# Verzaubern und Gold verdienen



## Domsen (8. Februar 2007)

Hihu liebe Leut,

ich bin schon seit längerer Zeit verzauberer/schneider mit meinem kleinen Mage Gnom LV 70.....
Ich habe eigentlich immer Gold für meine Verzauberung genommen auch wenn die Leute die ne Verzauberung haben wollten die Mats dabei hatten....max. 30g für Verzauberungen wie Spell-Dmg. und Kreuzfahrer...Ich fand das immer sehr fair weil im Gegensatz zu z.B. Alchis kann ich meine Verzauberungen ja leider nicht ins AH setzen...bin gezwungen im Handelschat zu posten

Desweiteren ist es der teuerste Beruf zum hochskillen, alleine die Ruten kosten ja schon ein Vermögen, manche Formeln wie z.B. Kreuzfahrer droppen nur bei einer Art von Mobs usw.

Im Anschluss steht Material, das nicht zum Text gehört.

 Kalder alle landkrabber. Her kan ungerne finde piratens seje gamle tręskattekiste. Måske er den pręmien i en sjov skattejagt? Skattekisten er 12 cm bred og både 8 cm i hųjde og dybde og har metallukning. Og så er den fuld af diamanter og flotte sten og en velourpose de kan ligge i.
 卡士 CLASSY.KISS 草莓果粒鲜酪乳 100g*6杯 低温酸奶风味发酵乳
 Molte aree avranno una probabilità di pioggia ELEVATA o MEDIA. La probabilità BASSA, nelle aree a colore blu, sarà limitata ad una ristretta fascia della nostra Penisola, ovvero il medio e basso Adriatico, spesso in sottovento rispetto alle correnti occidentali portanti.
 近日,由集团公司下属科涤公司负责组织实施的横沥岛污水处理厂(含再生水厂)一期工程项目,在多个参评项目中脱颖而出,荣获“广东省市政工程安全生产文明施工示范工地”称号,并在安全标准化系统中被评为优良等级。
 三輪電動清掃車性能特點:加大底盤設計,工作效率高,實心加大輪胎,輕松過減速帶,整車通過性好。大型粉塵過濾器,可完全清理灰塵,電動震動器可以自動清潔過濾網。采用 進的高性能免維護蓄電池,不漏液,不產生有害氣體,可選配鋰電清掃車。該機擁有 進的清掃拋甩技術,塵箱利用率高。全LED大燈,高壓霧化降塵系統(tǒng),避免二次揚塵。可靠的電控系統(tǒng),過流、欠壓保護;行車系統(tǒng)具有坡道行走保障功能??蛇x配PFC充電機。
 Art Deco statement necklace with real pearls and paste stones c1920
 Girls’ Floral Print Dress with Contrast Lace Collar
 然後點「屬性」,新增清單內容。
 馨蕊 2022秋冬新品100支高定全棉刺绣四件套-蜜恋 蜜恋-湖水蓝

Jetzt war aber bei uns in der Gilde mal die Diskussion ob man für Verzauberungen Gold nehmen darf oder nicht (mal abgesehen von den Gildies die bekommen die für umsonst, da leg ich sogar noch manchmal eigene mats drauf)

Einige meinten man sollte nicht mehr als 5g nehmen dürfen weil man ja nur einen klick macht und fertig...naja ich bin jetzt nicht so mit einverstanden weil nur dadurch dass ich die Essenzen ins AH stell mach ich auf alle Fälle mehr Verlust als Gewinn...

Wie denkt ihr darüber wie handhabt ihr das?

Würde mich sehr freuen wenn ihr mal posten könnt wie ihr über dieses Thema denkt


----------



## daLord (8. Februar 2007)

Ich denke auch das Verzaubern geld wert ist. Man entzaubert in seinem Wow Leben hunderte grüner und blauer items (an die man ja nicht gerade leicht herankommt). Der Einnahem verlust ist immens, da denkt nur keiner drüber nach wenn er nen enchant haben will. Nen Bergbauer oder kräuterkundlerfindet seine materiealien wenn er durch die gegend läuft und nicht wenn er seine instanz dropps disst. Dazu kommt das ma nzum skille nvor allem im unteren bereich (so unter 250) fast nur sich selbst, oder deutlcih unter mats preis, verzaubert weil keiner die lowlvl enchants haben will. Als alchimist kann amn in späteren lvln sogar ncoh blumen im ah kaufen und die tränke im ah wieder verkaufen. meist noch mit gewinn. und die tränke die man als kleiner achi herstellen kan nsind auch schon im ah gefragt. Also ich bin mirsicher das ich mit meiner twink alchi mehr gold verdient habe als mit meiner verzaubern Mage. vor  allem gibt es viel zu viele verzauberer die high-lvl verazuberungen anbieteten da alle versuchen die 100g für arkanitruten udn 200g für verzauberrezepte wieder rein zu bekommen. Alchi vertickt eifach ressi und heiltränke und freut scih nen ast. der gewinn ist zwar viel niedriger dafür wird aber viel viel mehr verkauft als verzaubert.


----------



## Nightsh@dow (12. Februar 2007)

So, ich bin ebenfalls Enchanter und verdiente bis BC pro Verzauberung 1g und für die "blauen" Verzauberungsformeln bis zu 5g. Preise waren für mich fair und für die anderen auch, da bei uns nur sehr wenige alle Formeln hatte.
Nun sieht es aber mit BC leider anders aus: Die alten Formeln sind plötzlich nichts mehr wert und Gold verdienen mit Verzauberungen, kaum bis garnicht möglich, da  es einfach zu viele gibt, die diese kostenlos zum skillen anbieten, daher bleiben die meisten Verzauberer, wenn sie nicht Gilden-intern verzaubern, auf der Strecke.

Daher kann ich dazu nur folgendes sagen: Gold verdienen mit verzaubern, ist, momentan nicht möglich, zumindest bei uns. 


			Dieser Inhalt steht nur eingeloggten Mitgliedern zur Verfügung.
        




Bleibt nur mein 2. Beruf: Bergbau

Auch dort kann ich zumindest atm kein Gold machen, da ich so gildenfreundlich bin und die gesammelten Mats an unsere Schmiede bzw. Juwelenschleifer abgebe, damit diese ihre Berufe steigern können.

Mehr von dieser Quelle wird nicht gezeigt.